PyFunceble icon indicating copy to clipboard operation
PyFunceble copied to clipboard

FEATURE: Implement check the availability of website / detection of parked & for sale domains

Open keczuppp opened this issue 2 years ago • 10 comments

Description

I have been thinking about it even before I've found this: https://github.com/StevenBlack/hosts/issues/1613#issuecomment-820162550 @AdKiller

As many as dead (non-existent domain etc) domains, there are many parked / for sale zombie domains, which still do exist but are dead at the same time...: "This domain is for sale", "Website is no longer available", currenlty PyFunceble marks such domain as ACTIVE...but PyFunceble could have an option to check whether a real website exists on the domain and mark it "REAL" if not, then "ZOMBIE" label.

Possible Solution

Such feature:

  • would require downloading a domain's main body and searching in the body for text phrases like: "for sale", "no longer available", "rent domain" etc,
  • could lead to some false positives
  • a pity there is no status code for it: https://en.wikipedia.org/wiki/List_of_HTTP_status_codes, would not require downloading the whole site's body and searching for text phrases

Screenshoot

example

keczuppp avatar Oct 04 '21 11:10 keczuppp

The trick is to setup your own DNS recursor and then import (Setup, configure) it with the RPZ zone pirated.mypdns.cloud

The reason is you then will be blocking through the .rpz-nsdname The next thing you have to do is to disable the http status code and whois check and purely relay on the DNS test.

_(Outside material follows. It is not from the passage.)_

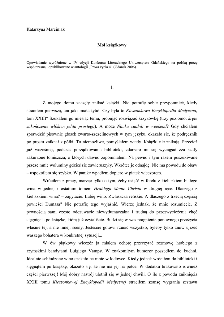 Katarzyna Marciniak Mól książkowy Opowiadanie wyróżnione w IV edycji Konkursu Literackiego Uniwersytetu Gdańskiego na polską prozę współczesną i opublikowane w antologii „Proza życia 4” (Gdańsk 2006). 1. Z mojego domu zaczęły znikać książki. Nie potrafię sobie przypomnieć, kiedy straciłem pierwszą, ani jaki miała tytuł. Czy była to Kieszonkowa Encyklopedia Medyczna, tom XXIII? Szukałem go miesiąc temu, próbując rozwiązać krzyżówkę (trzy poziomo: kręte zakończenie włókien jelita prostego). A może Nauka suahili w weekend? Gdy chciałem sprawdzić pisownię głosek zwarto-szczelinowych w tym języku, okazało się, że podręcznik po prostu zniknął z półki. To niemożliwe, pomyślałem wtedy. Książki nie znikają. Przecież już wcześniej, podczas porządkowania biblioteki, zdarzało mi się wyciągać zza szafy zakurzone tomiszcza, o których dawno zapomniałem. Na pewno i tym razem poszukiwane przeze mnie woluminy gdzieś się zawieruszyły. Wkrótce je odnajdę. Nie ma powodu do obaw – uspokoiłem się szybko. W panikę wpadłem dopiero w piątek wieczorem. Wróciłem z pracy, marząc tylko o tym, żeby usiąść w fotelu z kieliszkiem białego wina w jednej i ostatnim tomem Hrabiego Monte Christo w drugiej ręce. Dlaczego z kieliszkiem wina? – zapytacie. Lubię wino. Zwłaszcza reńskie. A dlaczego z trzecią częścią powieści Dumasa? Nie potrafię tego wyjaśnić. Wierzę jednak, że mnie rozumiecie. Z pewnością sami często odczuwacie niewytłumaczalną i trudną do przezwyciężenia chęć sięgnięcia po książkę, którą już czytaliście. Budzi się w was pragnienie ponownego przeżycia właśnie tej, a nie innej, sceny. Jesteście gotowi rzucić wszystko, byleby tylko znów ujrzeć waszego bohatera w konkretnej sytuacji... W ów piątkowy wieczór ja miałem ochotę przeczytać rozmowę hrabiego z rzymskimi bandytami Luigiego Vampy. W znakomitym humorze poszedłem do kuchni. Idealnie schłodzone wino czekało na mnie w lodówce. Kiedy jednak wróciłem do biblioteki i sięgnąłem po książkę, okazało się, że nie ma jej na półce. W dodatku brakowało również części pierwszej! Mój dobry nastrój ulotnił się w jednej chwili. O ile z powodu zniknięcia XXIII tomu Kieszonkowej Encyklopedii Medycznej straciłem szansę wygrania zestawu Katarzyna Marciniak, Mól książkowy, s. 2/18 kosmetyków do demakijażu, z czym szybko się pogodziłem, to utrata Hrabiego Monte Christo była dla mnie ciosem w samo serce. Książki nie znikają, powiedziałem na głos. I wówczas uświadomiłem sobie z przerażeniem, że od kilku tygodni, a może nawet miesięcy, moja biblioteka powoli topnieje. Rzut oka na półki wystarczył, żebym dostrzegł ślady ogromnego spustoszenia. Coraz mniej było ciasno stłoczonych tomów; pozostałe osuwały się bezładnie w wolne przestrzenie tam, gdzie kiedyś z wielkim trudem wciskałem kolejne nabytki. Książki nie znikają, powtórzyłem z przekonaniem. Postanowiłem działać, a ponieważ najskuteczniej działam w pozycji siedzącej, opadłem ciężko na fotel i zacząłem analizować sytuację, w której się znalazłem. Za punkt wyjścia do dalszych rozważań przyjąłem założenie proste i nie budzące żadnych wątpliwości: jako że książki NIE znikają, MUSI istnieć racjonalne wyjaśnienie zaginięcia jednej trzeciej moich zbiorów. Wypiłem kieliszek wina i zająłem się pierwszą hipotezą, która przyszła mi do głowy: książki pożyczyłem znajomym, a następnie zupełnie o tym zapomniałem. Takie wytłumaczenie żałosnego stanu mojej biblioteki z pewnością bardzo by mnie uspokoiło. Niestety, musiałem je odrzucić z dwóch powodów. Primo: poza przyjacielem z dzieciństwa, Karolem, nie mam żadnych znajomych. Secundo: ja z zasady nikomu nie pożyczam książek. Nawet Karolowi, mimo że jest szanowanym właścicielem wielkiego antykwariatu i dba o każdy tom jak o najcenniejszy skarb. Po wypiciu drugiej lampki wina odrzuciłem drugą racjonalną hipotezę. Książek nikt nie ukradł. W mieszkaniu nie było śladów włamania, a pancerne drzwi i kraty w oknach, które kazałem zamontować, żeby chronić moje zbiory, pozostały nienaruszone. W akcie desperacji, wychyliwszy trzeci kieliszek, odsunąłem nawet szafy biblioteczne, ale i tam nie było niczego poza cienką warstwą kurzu. Książki nie znikają, powiedziałem stanowczo. Ale moje zniknęły. 2. Było już po północy, gdy chwyciłem za telefon i zadzwoniłem do Karola: - Musisz mi pomóc! - powiedziałem. - To ty, Marek? Co się stało? - Z mojego domu zaczęły znikać książki. Spodziewałem się, że przyjaciel mnie wyśmieje, ale on spytał z powagą: Katarzyna Marciniak, Mól książkowy, s. 3/18 - Znikać? Co przez to rozumiesz? - Nic nie rozumiem! - wybuchłem. - Po prostu... Moje książki... Wcześniej były, a teraz ich nie ma! Zostały tylko puste miejsca na półkach tam, gdzie kiedyś stały! - A może pożyczyłeś je komuś i nie pamiętasz, komu ani kiedy? - No wiesz! Przecież ja nawet tobie nie pożyczyłbym ani jednej! - zawołałem urażony. - Racja - potwierdził Karol. - A nie znalazłeś śladów włamania? - spytał z nadzieją. - Żadnych - odparłem krótko. Przez dłuższą chwilę z drugiej strony słuchawki dobiegał tylko ciężki oddech Karola. Wreszcie mój przyjaciel odezwał się grobowym głosem: - Obawiam się, że nic nie możesz zrobić. - Jak to? - wyjąkałem. - Jest tylko jedno racjonalne wyjaśnienie. W twoim domu zagnieździł się mól książkowy. - Żartujesz sobie ze mnie?! - ryknąłem. - Mól książkowy?! I to ma być racjonalne wyjaśnienie? - zaniosłem się histerycznym śmiechem. - Opanuj się, Marek! Mówię najzupełniej poważnie - odparł spokojnie Karol. - Jeden z moich klientów, wiesz, ten, dla którego zorganizowałem w zeszłym roku Kopernika, miał podobny problem. Wyjechał z rodziną na wakacje, a kiedy wrócił, okazało się, że jego

You can now do 2 things with the results file domain/INACTIVE/list

  1. Add them as pirtared domain and block them
  2. use a removal tool like sed and remove them from your source

This is a much safer approach than than trying to keep a up to date set of rules, it will also add the ip to the bot lists.

Give it a spin, there are some getting started config for Power dns Recursor here: https://mypdns.org/rpz/dns-rpz-integration/-/tree/master/PowerDNS-Recursor

If you having trouble getting it to work, please do open a issue or a discussion

spirillen avatar Oct 04 '21 19:10 spirillen

The idea is good @keczuppp.

My problem right now is that the same webpage as in the screenshot gives me the text in German (IP-based). Let's keep this open until I find a way to implement it - somehow ...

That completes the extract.